Once your product has passed the safety assessment, it’s time for production.


Production of a cosmetic should, first and foremost, be carried out in accordance with Good Manufacturing Practice (GMP). GMP is a unified set of rules that’s introduced in order to ensure a high level of health protection for both people who work at the production plant and the end user of the cosmetic. A production process is considered GMP compliant if it adheres to the ISO 22716:2009 harmonized standard. It’s not obligatory to comply with harmonized standards, but when the manufacturer shows you a certificate issued by a certification body you can rest assured that their company follows the rules of Good Manufacturing Practice.


Before the finished product that you’ve manufactured can be placed on the European market, there’s one more thing that needs to be done – it must be registered with the Cosmetic Products Notification Portal (CPNP).
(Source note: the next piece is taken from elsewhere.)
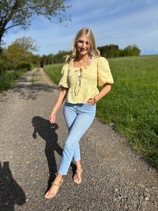 Musselin Bluse BUTTERMILK gelb mit Schleifchen Cropped
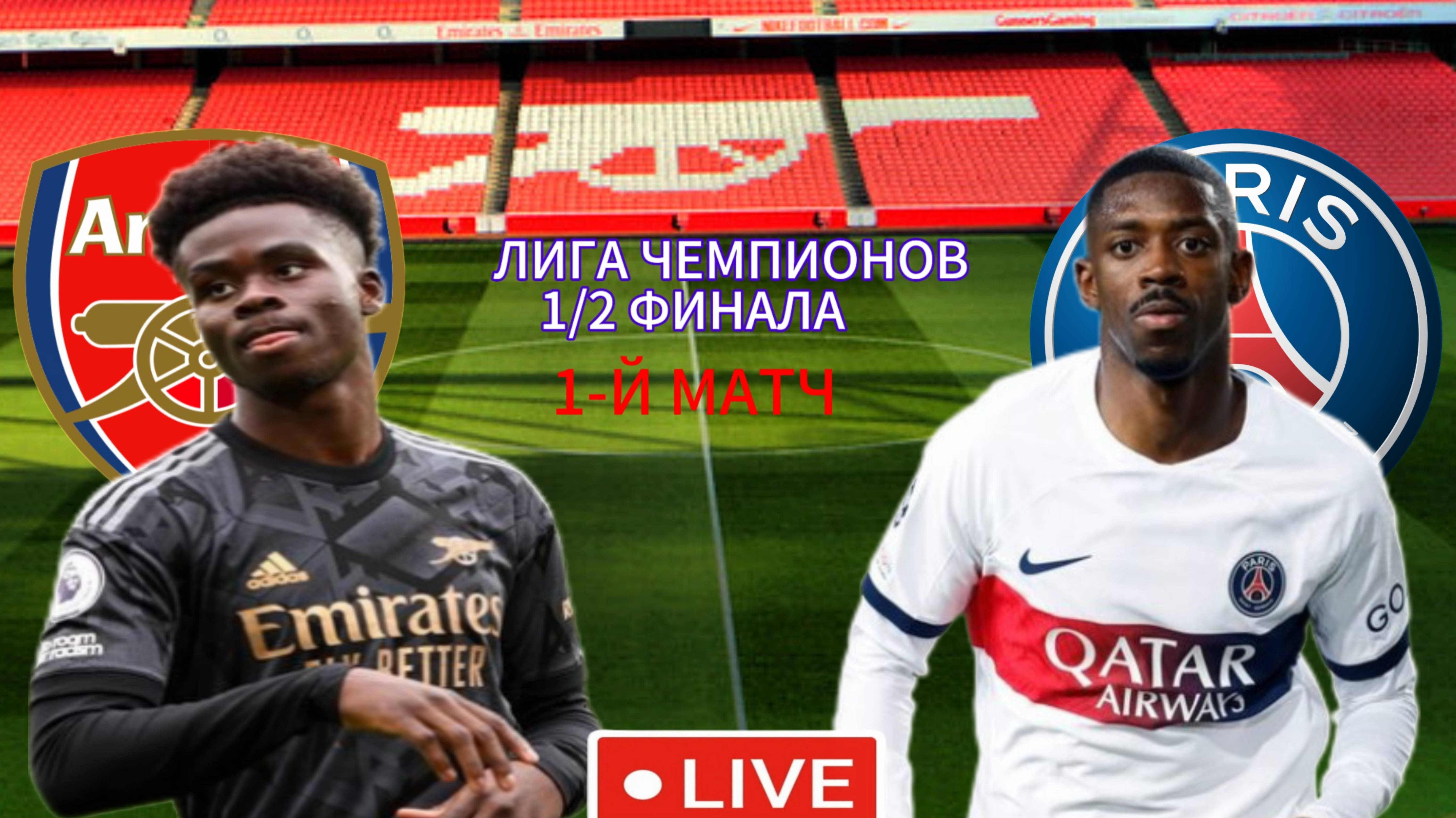 ФУТБОЛ ЛИГА ЧЕМПИОНОВ 1/2 ФИНАЛА. АРСЕНАЛ - ПСЖ. ПРЯМАЯ ТРАНСЛЯЦИЯ

Data listed in the CPNP are made available to all control authorities.

When a cosmetic product is being placed on the market, there are no additional procedures that have to be carried out by any specific administration institutions. Full responsibility for the cosmetic product falls on the responsible person. Compliance of the product and its documentation with the law is controlled by the State Sanitary and Trade Inspectorates in Poland and by corresponding authorities in other EU countries.